— Жоан, вы предусмотрительны. Неторопливо обойдя зал, Луис задумчиво проговорил:
— Я насчитал пятнадцать футов по одной стороне и восемнадцать по другой. Это, конечно, приблизительно.
Он прервал самого себя и, минуту посчитав, произнес.
— Жоан, в этом зале лежат тринадцать тел.
— Тринадцать тел, — эхом отозвалась девушка. — Тринадцать. Как и ступеней.
— Вот именно.
— Вероятно, число тринадцать имеет здесь какое-то значение, — отозвалась девушка.
— Может быть. Вон в том углу есть дверь, ведущая на другой уровень.
— Да? Вы так быстро ее нашли, Луис?
— Просто теперь я знал, где искать.
— Мы пойдем вниз? — спросила Жоан с легкой дрожью в голосе.
— Нет. Пора на воздух. Находиться здесь больше нельзя. Могу себе представить, каким воздух будет на глубине. Пока рабочие будут заняты вентиляцией, мы будем потихоньку все это выносить для исследования, — он обвел рукой полки с мумиями. — Мне не терпится узнать, был ли я прав.
— Как вы думаете, сколько времени потребуется Мендрано?
— Не знаю. Три-четыре дня, может, больше. Без вентиляции мы не сможем работать.
— Так, значит, мы прямо сейчас и займемся мумиями?
Луис оценил готовность Жоан.
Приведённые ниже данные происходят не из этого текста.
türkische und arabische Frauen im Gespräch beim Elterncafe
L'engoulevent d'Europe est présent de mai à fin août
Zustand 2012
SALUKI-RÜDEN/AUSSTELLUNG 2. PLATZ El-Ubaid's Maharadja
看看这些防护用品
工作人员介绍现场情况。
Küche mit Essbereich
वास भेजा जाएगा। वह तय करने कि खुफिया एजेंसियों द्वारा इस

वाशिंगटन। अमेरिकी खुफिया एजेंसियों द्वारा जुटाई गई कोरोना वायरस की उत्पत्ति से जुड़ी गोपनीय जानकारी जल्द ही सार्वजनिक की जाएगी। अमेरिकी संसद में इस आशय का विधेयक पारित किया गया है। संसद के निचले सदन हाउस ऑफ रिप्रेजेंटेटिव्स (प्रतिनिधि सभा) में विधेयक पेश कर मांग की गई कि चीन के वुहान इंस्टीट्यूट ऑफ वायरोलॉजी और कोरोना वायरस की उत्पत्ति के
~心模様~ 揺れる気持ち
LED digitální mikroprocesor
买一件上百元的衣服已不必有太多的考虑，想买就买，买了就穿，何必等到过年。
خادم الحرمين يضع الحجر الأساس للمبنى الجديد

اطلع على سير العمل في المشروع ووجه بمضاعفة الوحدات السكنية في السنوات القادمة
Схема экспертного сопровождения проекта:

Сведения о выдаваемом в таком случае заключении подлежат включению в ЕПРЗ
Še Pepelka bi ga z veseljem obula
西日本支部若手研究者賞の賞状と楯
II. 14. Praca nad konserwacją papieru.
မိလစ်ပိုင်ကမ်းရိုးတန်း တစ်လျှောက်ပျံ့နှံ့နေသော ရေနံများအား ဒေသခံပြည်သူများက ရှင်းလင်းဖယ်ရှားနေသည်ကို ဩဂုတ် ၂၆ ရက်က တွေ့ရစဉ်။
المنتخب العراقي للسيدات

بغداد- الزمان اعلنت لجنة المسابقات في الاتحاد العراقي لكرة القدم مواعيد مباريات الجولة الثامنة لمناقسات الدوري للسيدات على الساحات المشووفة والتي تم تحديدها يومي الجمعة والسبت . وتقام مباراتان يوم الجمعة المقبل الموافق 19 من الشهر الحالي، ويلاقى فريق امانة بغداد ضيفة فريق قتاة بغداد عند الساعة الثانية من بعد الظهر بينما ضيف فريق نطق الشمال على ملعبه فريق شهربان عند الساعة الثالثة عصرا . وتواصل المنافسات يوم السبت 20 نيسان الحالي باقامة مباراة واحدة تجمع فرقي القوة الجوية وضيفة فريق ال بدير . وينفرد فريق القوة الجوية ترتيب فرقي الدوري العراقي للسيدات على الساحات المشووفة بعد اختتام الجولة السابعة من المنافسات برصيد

Она, конечно смелая девушка, но не стоит так торопиться Oн покачал головой.
— Нет, мы подождем, пока воздух здесь станет лучше.
Улыбка осветила лицо Жоан, на мгновение их взгляды встретились. И разбежались во мраке. Потом встретились снова. Это притяжение. Это странное чувство. Кто его выдумал?
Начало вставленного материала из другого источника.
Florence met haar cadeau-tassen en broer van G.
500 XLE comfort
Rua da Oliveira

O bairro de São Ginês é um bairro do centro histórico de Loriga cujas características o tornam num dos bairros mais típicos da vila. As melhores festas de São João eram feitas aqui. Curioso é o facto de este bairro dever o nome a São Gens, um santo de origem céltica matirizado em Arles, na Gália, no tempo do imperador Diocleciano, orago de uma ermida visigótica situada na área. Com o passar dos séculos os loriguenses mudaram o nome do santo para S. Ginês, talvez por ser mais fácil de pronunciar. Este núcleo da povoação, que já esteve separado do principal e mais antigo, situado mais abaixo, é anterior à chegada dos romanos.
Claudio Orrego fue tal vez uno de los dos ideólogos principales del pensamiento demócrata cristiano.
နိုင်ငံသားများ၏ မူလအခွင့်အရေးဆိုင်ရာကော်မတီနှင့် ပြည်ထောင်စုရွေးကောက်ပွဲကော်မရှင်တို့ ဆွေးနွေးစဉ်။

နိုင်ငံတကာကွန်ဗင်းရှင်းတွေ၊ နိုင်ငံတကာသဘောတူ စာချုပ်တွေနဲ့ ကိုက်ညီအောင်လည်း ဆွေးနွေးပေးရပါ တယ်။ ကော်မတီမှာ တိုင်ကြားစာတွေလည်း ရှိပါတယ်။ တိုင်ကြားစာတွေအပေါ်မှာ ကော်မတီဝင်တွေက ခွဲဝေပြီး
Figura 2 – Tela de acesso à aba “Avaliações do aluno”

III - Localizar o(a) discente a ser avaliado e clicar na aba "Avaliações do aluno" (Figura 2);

— Это было бы прекрасно, — тихо произнесла Жоан. — Ее тело снова ожило.
— Но место это не для романтических — пробормотал Луис.
Свободной рукой он обнял и прижал к себе девушку. Фонари в руках закачались, по стенам побежали странные тени, отбрасываемые их телами, а ищущие губы встретились в жарком поцелуе.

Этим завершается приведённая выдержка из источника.